Task material:
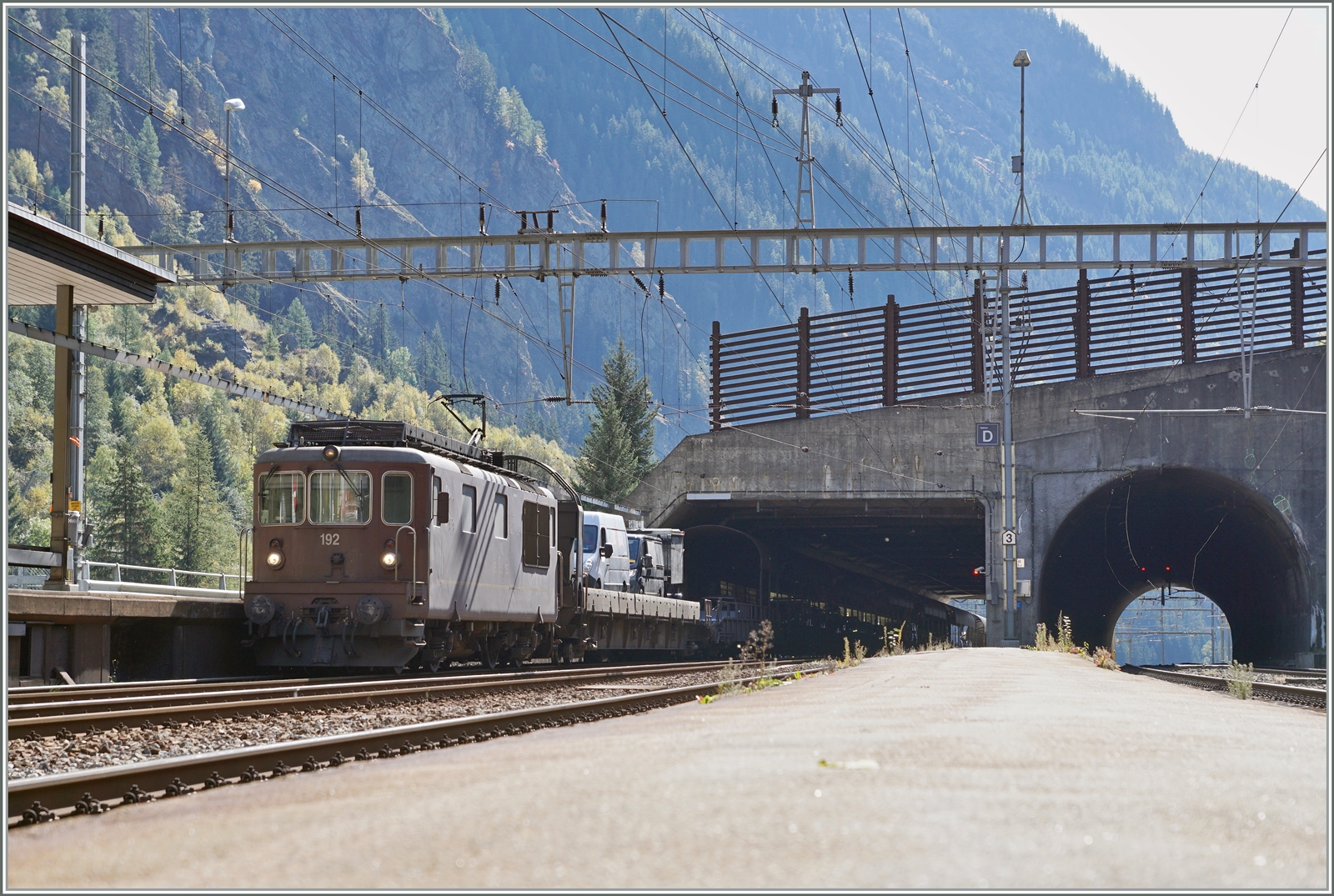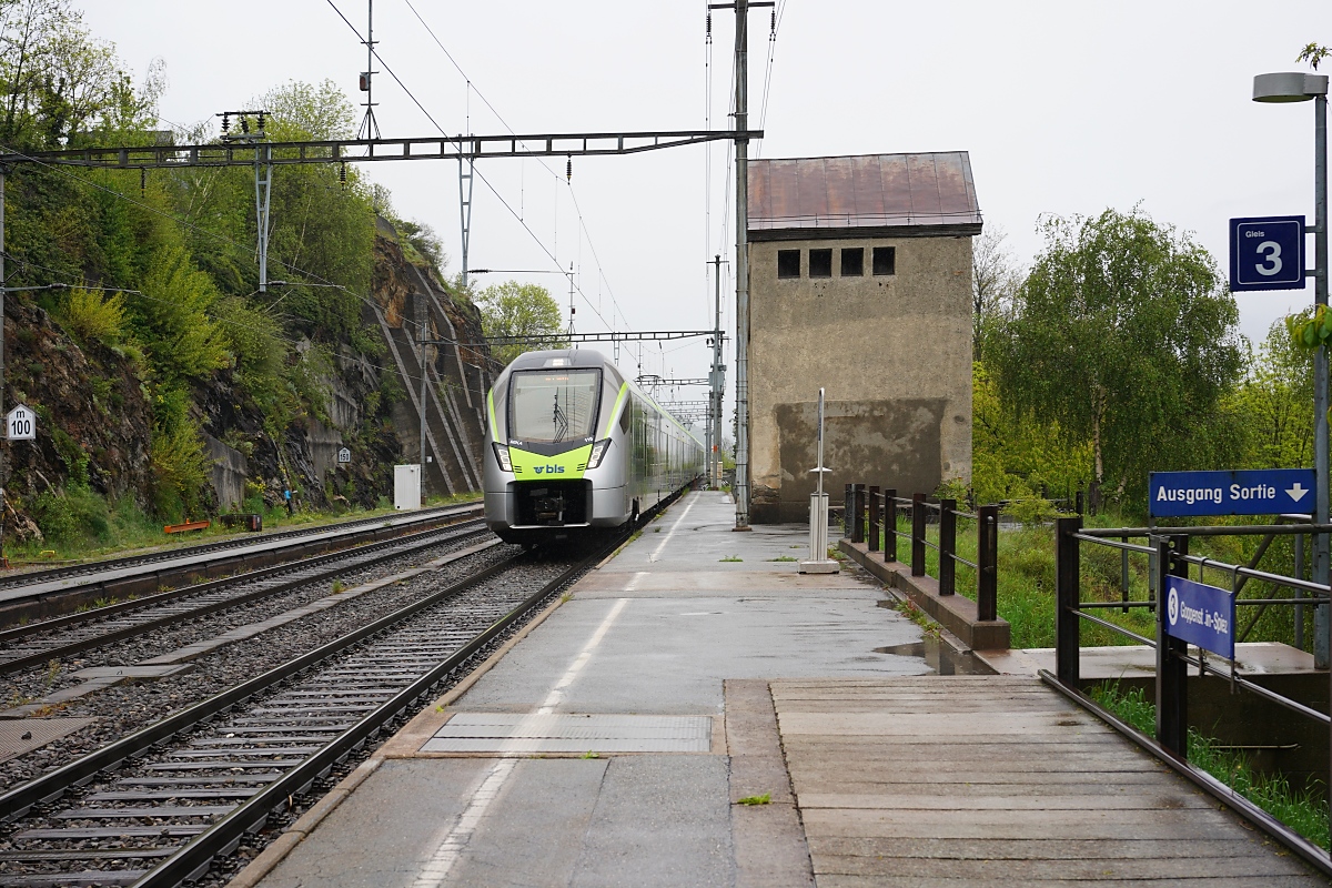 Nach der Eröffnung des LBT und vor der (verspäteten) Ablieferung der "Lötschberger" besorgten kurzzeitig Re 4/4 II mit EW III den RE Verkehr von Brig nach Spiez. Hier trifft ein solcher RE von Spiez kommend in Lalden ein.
...
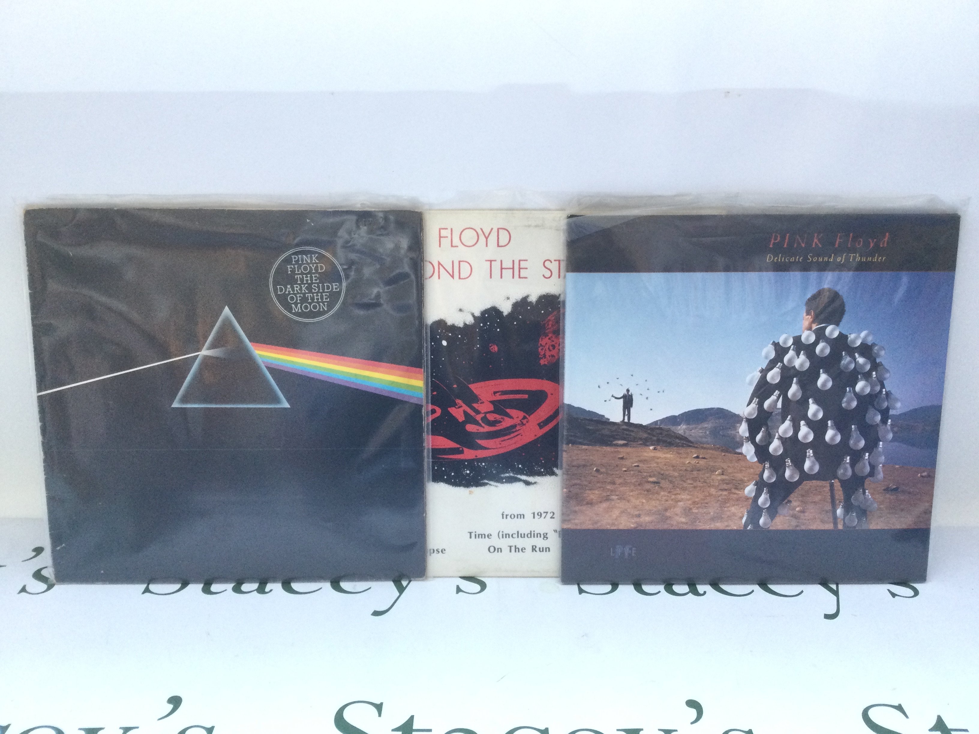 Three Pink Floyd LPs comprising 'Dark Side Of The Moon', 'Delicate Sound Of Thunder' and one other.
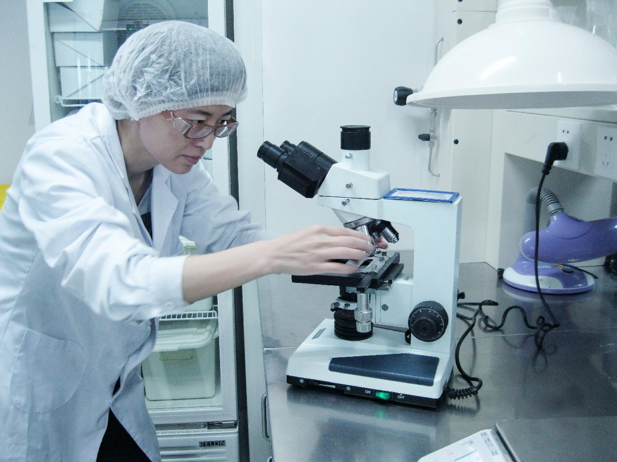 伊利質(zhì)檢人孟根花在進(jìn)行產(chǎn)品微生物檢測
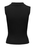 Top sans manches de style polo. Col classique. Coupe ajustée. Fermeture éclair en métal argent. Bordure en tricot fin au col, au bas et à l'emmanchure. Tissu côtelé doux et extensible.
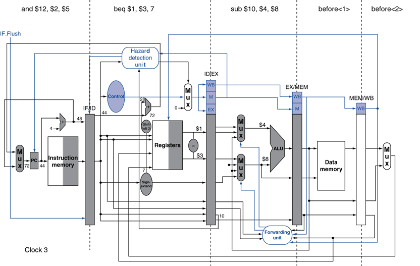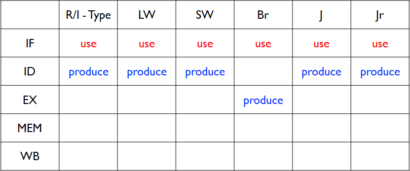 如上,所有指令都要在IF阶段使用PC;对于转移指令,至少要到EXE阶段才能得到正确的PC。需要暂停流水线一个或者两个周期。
---
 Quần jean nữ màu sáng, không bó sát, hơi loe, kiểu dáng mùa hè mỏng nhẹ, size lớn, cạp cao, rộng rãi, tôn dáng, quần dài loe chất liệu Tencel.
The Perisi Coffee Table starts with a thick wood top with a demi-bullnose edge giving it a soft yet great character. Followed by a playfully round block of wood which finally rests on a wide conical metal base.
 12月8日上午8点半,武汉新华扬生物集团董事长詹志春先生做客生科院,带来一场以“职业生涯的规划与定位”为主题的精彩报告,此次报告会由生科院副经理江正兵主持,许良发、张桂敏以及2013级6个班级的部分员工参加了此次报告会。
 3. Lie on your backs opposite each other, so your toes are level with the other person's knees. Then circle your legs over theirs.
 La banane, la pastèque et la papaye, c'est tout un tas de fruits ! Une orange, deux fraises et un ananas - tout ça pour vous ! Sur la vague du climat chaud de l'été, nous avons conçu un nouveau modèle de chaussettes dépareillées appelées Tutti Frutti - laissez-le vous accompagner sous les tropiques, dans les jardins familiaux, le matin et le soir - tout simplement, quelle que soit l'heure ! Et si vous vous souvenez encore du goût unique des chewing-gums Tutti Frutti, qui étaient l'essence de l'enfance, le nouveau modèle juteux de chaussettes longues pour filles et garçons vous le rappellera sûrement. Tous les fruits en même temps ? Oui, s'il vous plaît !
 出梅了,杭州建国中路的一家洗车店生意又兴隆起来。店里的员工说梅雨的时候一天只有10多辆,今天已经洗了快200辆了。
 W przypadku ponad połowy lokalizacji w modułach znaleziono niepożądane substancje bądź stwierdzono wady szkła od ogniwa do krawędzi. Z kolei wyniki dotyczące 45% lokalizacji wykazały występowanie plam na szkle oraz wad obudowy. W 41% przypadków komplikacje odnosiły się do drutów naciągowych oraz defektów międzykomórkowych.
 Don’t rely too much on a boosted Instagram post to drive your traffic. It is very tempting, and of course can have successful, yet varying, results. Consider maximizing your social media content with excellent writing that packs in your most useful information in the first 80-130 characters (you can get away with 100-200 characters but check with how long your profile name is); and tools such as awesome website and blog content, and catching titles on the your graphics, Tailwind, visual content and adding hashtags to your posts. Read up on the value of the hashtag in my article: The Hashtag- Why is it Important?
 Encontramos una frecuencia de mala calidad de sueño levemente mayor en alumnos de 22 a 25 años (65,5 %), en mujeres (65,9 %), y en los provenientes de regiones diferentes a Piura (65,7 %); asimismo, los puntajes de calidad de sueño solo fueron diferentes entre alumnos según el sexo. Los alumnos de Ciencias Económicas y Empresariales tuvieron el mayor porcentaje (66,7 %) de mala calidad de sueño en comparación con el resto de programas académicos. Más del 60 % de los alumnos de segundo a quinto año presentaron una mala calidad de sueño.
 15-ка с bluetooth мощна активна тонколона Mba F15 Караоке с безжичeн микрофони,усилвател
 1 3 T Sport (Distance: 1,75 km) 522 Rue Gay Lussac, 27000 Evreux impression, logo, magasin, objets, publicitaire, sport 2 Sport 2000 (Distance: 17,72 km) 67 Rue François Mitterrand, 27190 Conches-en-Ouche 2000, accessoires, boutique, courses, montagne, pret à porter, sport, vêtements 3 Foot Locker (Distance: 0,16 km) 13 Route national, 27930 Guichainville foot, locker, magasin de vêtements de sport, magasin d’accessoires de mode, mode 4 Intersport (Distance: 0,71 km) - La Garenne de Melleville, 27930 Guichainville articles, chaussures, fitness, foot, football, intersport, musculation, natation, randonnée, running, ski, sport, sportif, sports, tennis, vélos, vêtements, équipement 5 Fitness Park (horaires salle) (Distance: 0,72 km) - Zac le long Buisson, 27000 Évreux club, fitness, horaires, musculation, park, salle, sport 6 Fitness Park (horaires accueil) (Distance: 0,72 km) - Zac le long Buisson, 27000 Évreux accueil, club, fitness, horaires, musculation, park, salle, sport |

Aim of the exercise:
Please copy, exactly and with nothing else, the lines above beginning at the line that has "15-ка с bluetooth" and ending with the line that has "1 3 T Sport".

Solution for this problem:
 15-ка с bluetooth мощна активна тонколона Mba F15 Караоке с безжичeн микрофони,усилвател
 1 3 T Sport (Distance: 1,75 km) 522 Rue Gay Lussac, 27000 Evreux impression, logo, magasin, objets, publicitaire, sport 2 Sport 2000 (Distance: 17,72 km) 67 Rue François Mitterrand, 27190 Conches-en-Ouche 2000, accessoires, boutique, courses, montagne, pret à porter, sport, vêtements 3 Foot Locker (Distance: 0,16 km) 13 Route national, 27930 Guichainville foot, locker, magasin de vêtements de sport, magasin d’accessoires de mode, mode 4 Intersport (Distance: 0,71 km) - La Garenne de Melleville, 27930 Guichainville articles, chaussures, fitness, foot, football, intersport, musculation, natation, randonnée, running, ski, sport, sportif, sports, tennis, vélos, vêtements, équipement 5 Fitness Park (horaires salle) (Distance: 0,72 km) - Zac le long Buisson, 27000 Évreux club, fitness, horaires, musculation, park, salle, sport 6 Fitness Park (horaires accueil) (Distance: 0,72 km) - Zac le long Buisson, 27000 Évreux accueil, club, fitness, horaires, musculation, park, salle, sport |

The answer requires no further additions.